→ **Exercise**
Would you print, word for word, only the lines running from the line with "(图为志远团队成员发现老人独自坐在椅子上便过去与之聊天。通讯员 曾思迪 供图)" to the last line of the entries, without the pictures?

→ **Input**
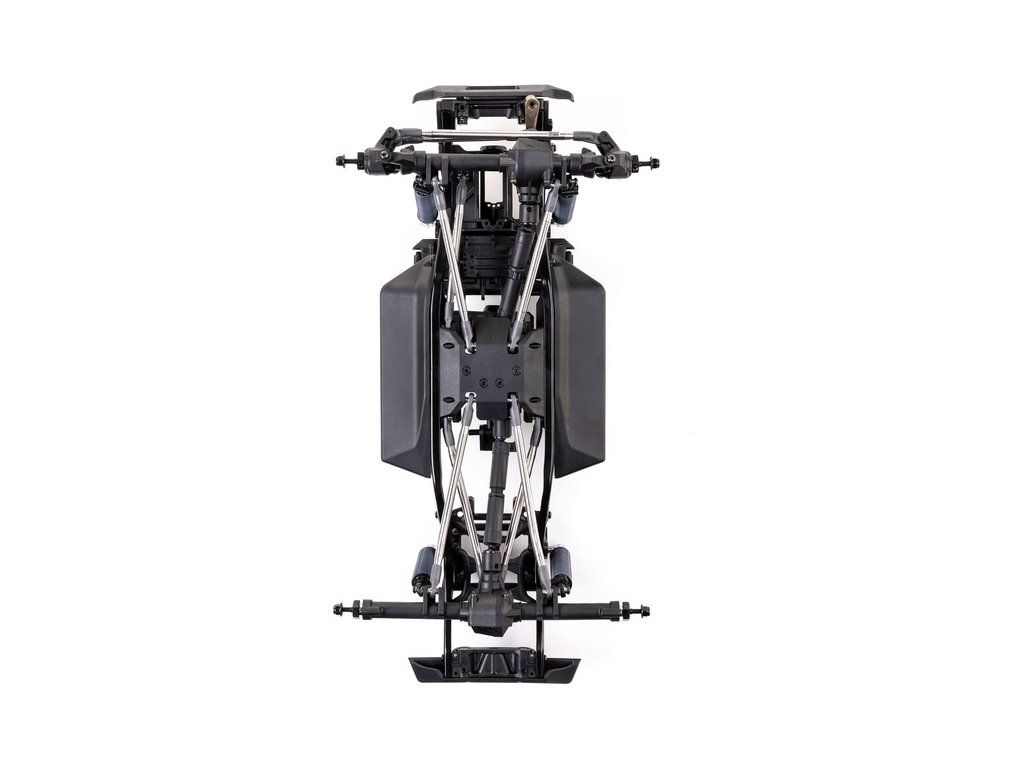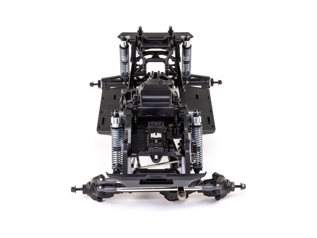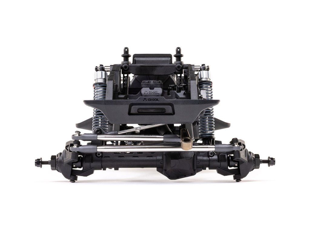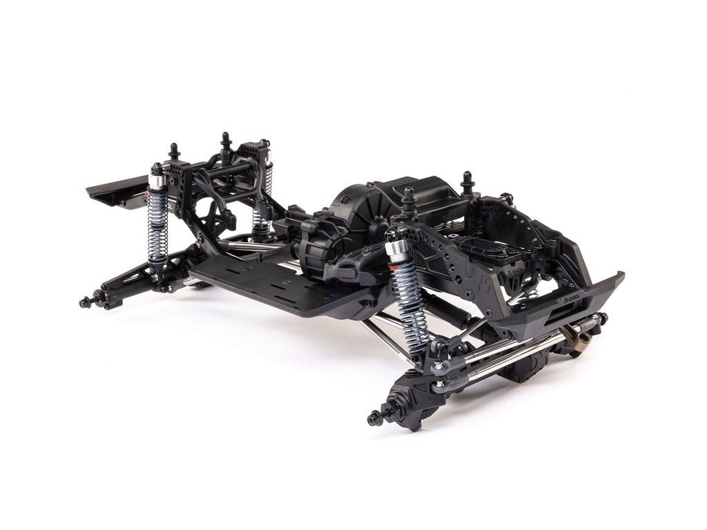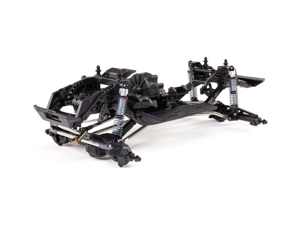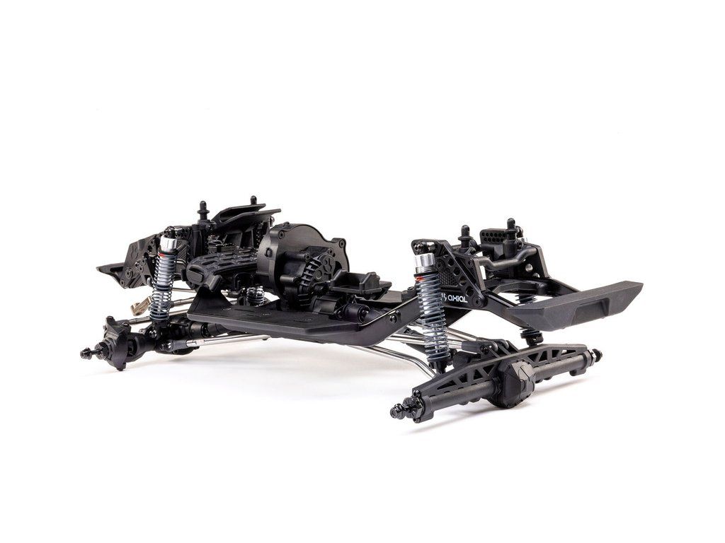 Stavebnice Axial není jen nesestavená verze RTR. Jedná se o vylepšenou verzi! Převodovka LCXU umožňuje volitelně instalovat speciální funkci pro crawlery DIG (zablokování zadní nápravy). Táhla zavěšení jsou 6 mm z nerezové oceli. Nové výkonné věže tlumičů vám nabízejí několik možností montáže pro optimalizaci odpružení. Namontujte tlumiče svisle pro lineární odpružení nebo je nakloňte pro progresivní tlumení a nižší těžiště. Dále jsou použity přímé nápravy AR45 a tři nastavitelné přihrádky pro akumulátory poskytují velkou variabilitu napájení a nastavení těžiště. Úchyty Panhard tyče umožňují i instalaci portálových náprav (prodávají se samostatně). Konstrukce podvozku je tříbodová přední s Panhardskou tyčí a čtyřbodová zadní. Toto zavěšení poskytuje velký výkyv náprav a přesnou geometrii. Instalovány jsou šikmé podvozkové prahy, díky kterým můžeme model hladce sklouznout po překážce.
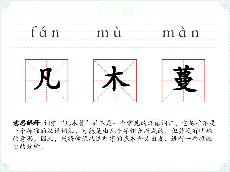 词汇“凡木蔓”并不是一个常见的汉语词汇,它似乎不是一个标准的汉语词汇,可能是由几个字组合而成的,但并没有明确的意思。因此,我将尝试从这些字的基本含义出发,进行一些推测性的分析。
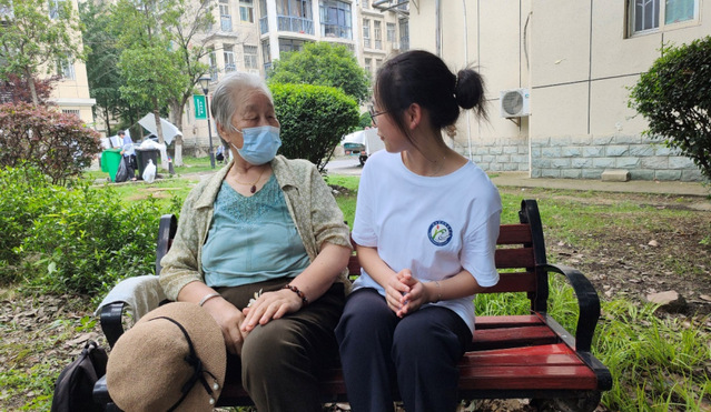 (图为志远团队成员发现老人独自坐在椅子上便过去与之聊天。通讯员 曾思迪 供图)
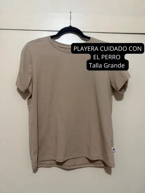 Playera cuidado con el perro talla L. Toda la ropa vendida se manda lavadita, lista para que la puedas usar. También te puedo hacer paquetes de más prendas para que aproveches el envío. Cualquier duda que tengas no dudes en escribirme. Las medidas son tomadas de la parte del pecho de axila a axila y del largo que queda la playera La verdad no la usé me quedó pequeña
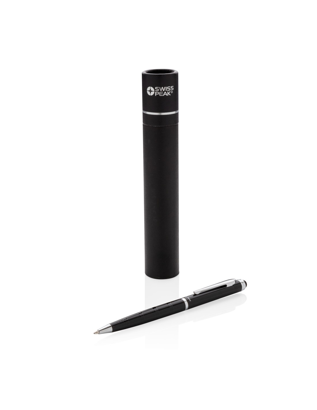Penna touch con elegante motivo a righe sul fusto. Il suo design sofisticato la rende un regalo perfetto. Include confezione da regalo a tubo Swiss Peak. Refill blu.

→ **Result of this task**
 (图为志远团队成员发现老人独自坐在椅子上便过去与之聊天。通讯员 曾思迪 供图)
 Playera cuidado con el perro talla L. Toda la ropa vendida se manda lavadita, lista para que la puedas usar. También te puedo hacer paquetes de más prendas para que aproveches el envío. Cualquier duda que tengas no dudes en escribirme. Las medidas son tomadas de la parte del pecho de axila a axila y del largo que queda la playera La verdad no la usé me quedó pequeña
Penna touch con elegante motivo a righe sul fusto. Il suo design sofisticato la rende un regalo perfetto. Include confezione da regalo a tubo Swiss Peak. Refill blu.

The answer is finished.